───── Data provided ─────
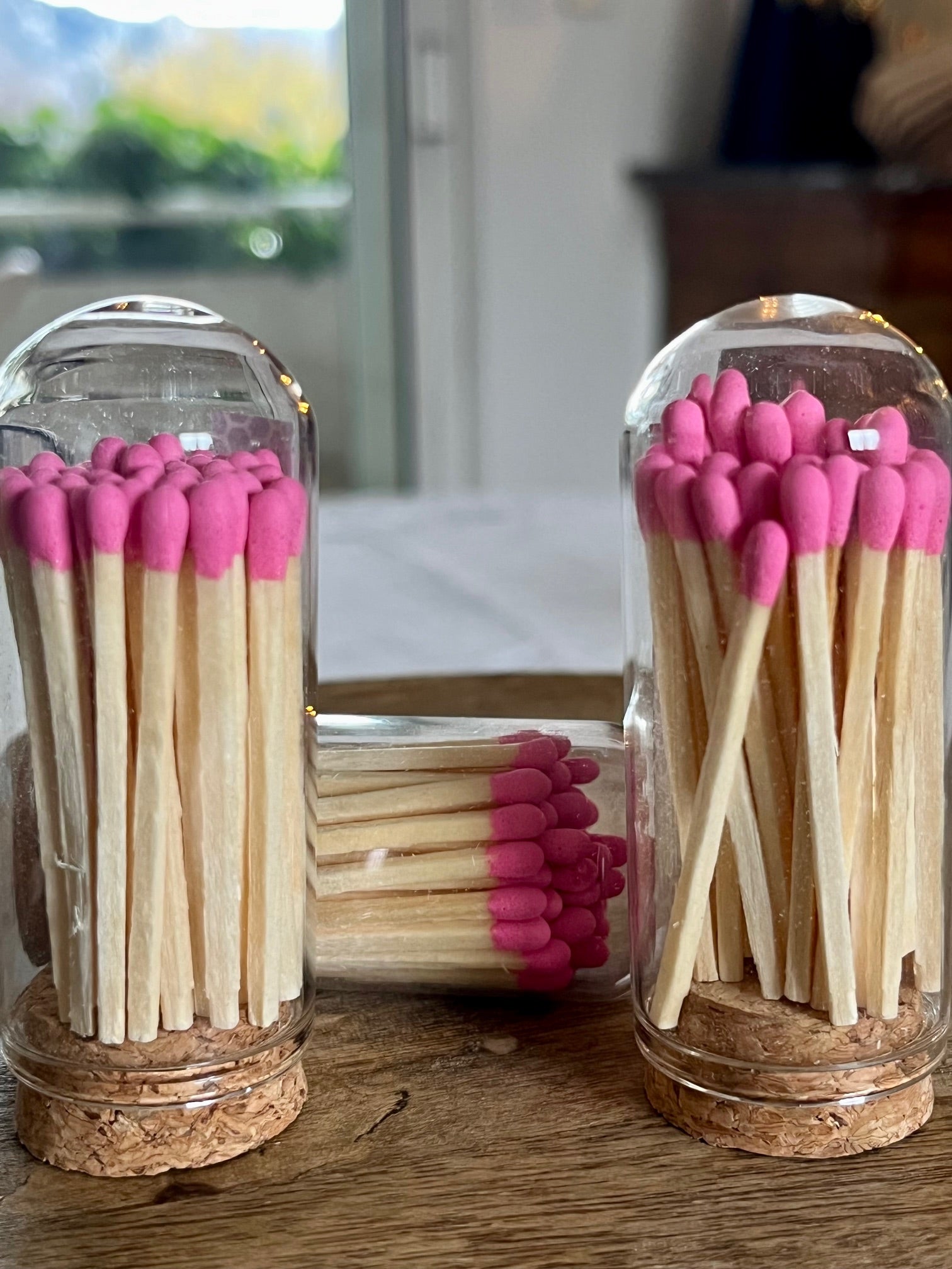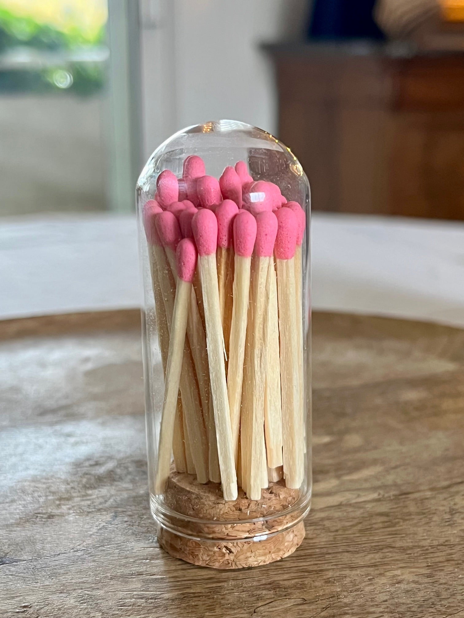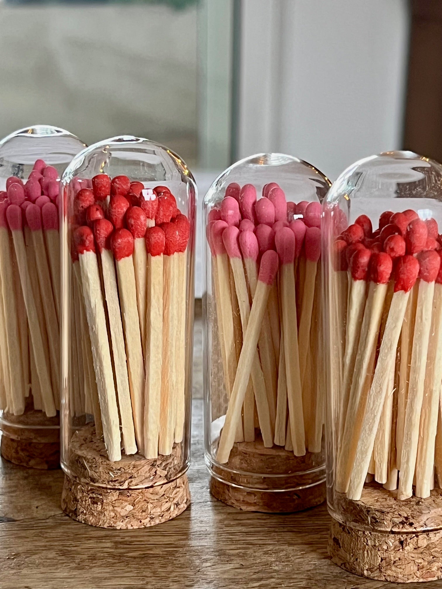 Comme un écrin, ces petites allumettes sont proposées sous cloche pour arborer votre salon ou table de fête.
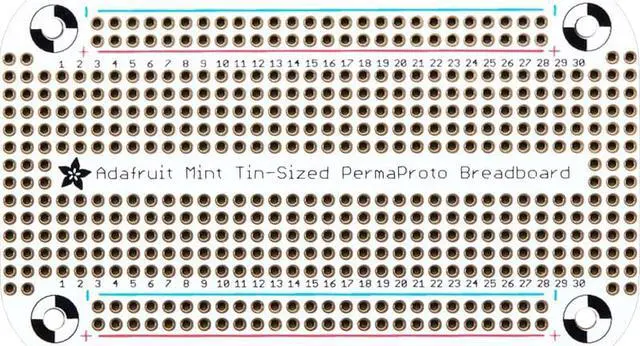 This proto-board is the PCB you always wish you had, but never realized it! We took the basic layout of a half-sized breadboard, extended it to the size of a mint tin and turned that into a beautiful PCB. The top side has a white silkscreen, and the same markings you're familiar with, to make transferring components easy. The bottom has 30 rows of 5-hole pad design that matches a classic breadboard, with 4 power bus lines on the sides, and no mask so you can easily cut traces when necessary. There are another 80 holes for general wiring on the edges. We used 1.2mm diameter drill holes so even parts with big leads will fit. All holes are thru-plated for strength - these wont peel off with rework. The finish is a gold plate - you won't get oxidation like with bare copper perf! There are also four big mounting holes so you can attach the PCB to the tin. A perfect match for a Altoids-sized mint tin
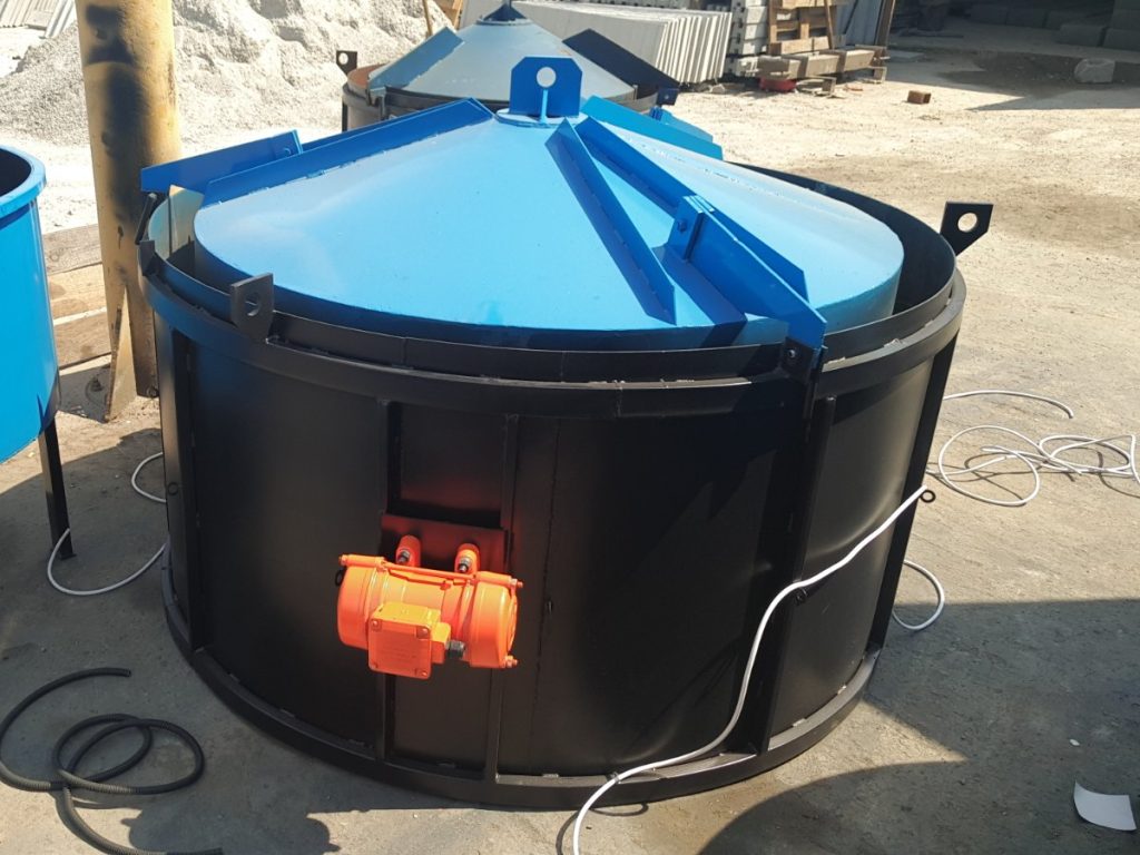 Для виготовлення бетонного кільця форму необхідно встановити на рівну поверхню, після чого залити бетон і ретельно ущільнити його за допомогою вібратора. Далі бетонну суміш залишають приблизно на 50 хвилин, після чого виконують розбирання внутрішнього та зовнішнього кільця. Зручно, що для виробництва бетонних кілець за цією технологією не потрібна кран-балка.
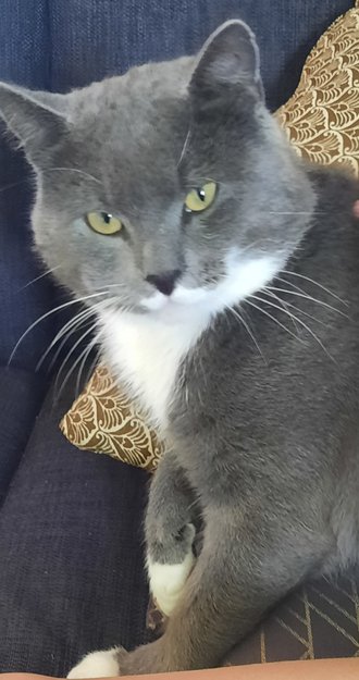 Grå katt med hvite poter,og hvitt på halsen. Veldig snill og kosete.
─────
[Task details]
Emit the lines of the material exactly, from its first line to the line containing "Для виготовлення бетонного", inclusive; leave every picture out.

[Reply to the exercise]
 Comme un écrin, ces petites allumettes sont proposées sous cloche pour arborer votre salon ou table de fête.
 This proto-board is the PCB you always wish you had, but never realized it! We took the basic layout of a half-sized breadboard, extended it to the size of a mint tin and turned that into a beautiful PCB. The top side has a white silkscreen, and the same markings you're familiar with, to make transferring components easy. The bottom has 30 rows of 5-hole pad design that matches a classic breadboard, with 4 power bus lines on the sides, and no mask so you can easily cut traces when necessary. There are another 80 holes for general wiring on the edges. We used 1.2mm diameter drill holes so even parts with big leads will fit. All holes are thru-plated for strength - these wont peel off with rework. The finish is a gold plate - you won't get oxidation like with bare copper perf! There are also four big mounting holes so you can attach the PCB to the tin. A perfect match for a Altoids-sized mint tin
 Для виготовлення бетонного кільця форму необхідно встановити на рівну поверхню, після чого залити бетон і ретельно ущільнити його за допомогою вібратора. Далі бетонну суміш залишають приблизно на 50 хвилин, після чого виконують розбирання внутрішнього та зовнішнього кільця. Зручно, що для виробництва бетонних кілець за цією технологією не потрібна кран-балка.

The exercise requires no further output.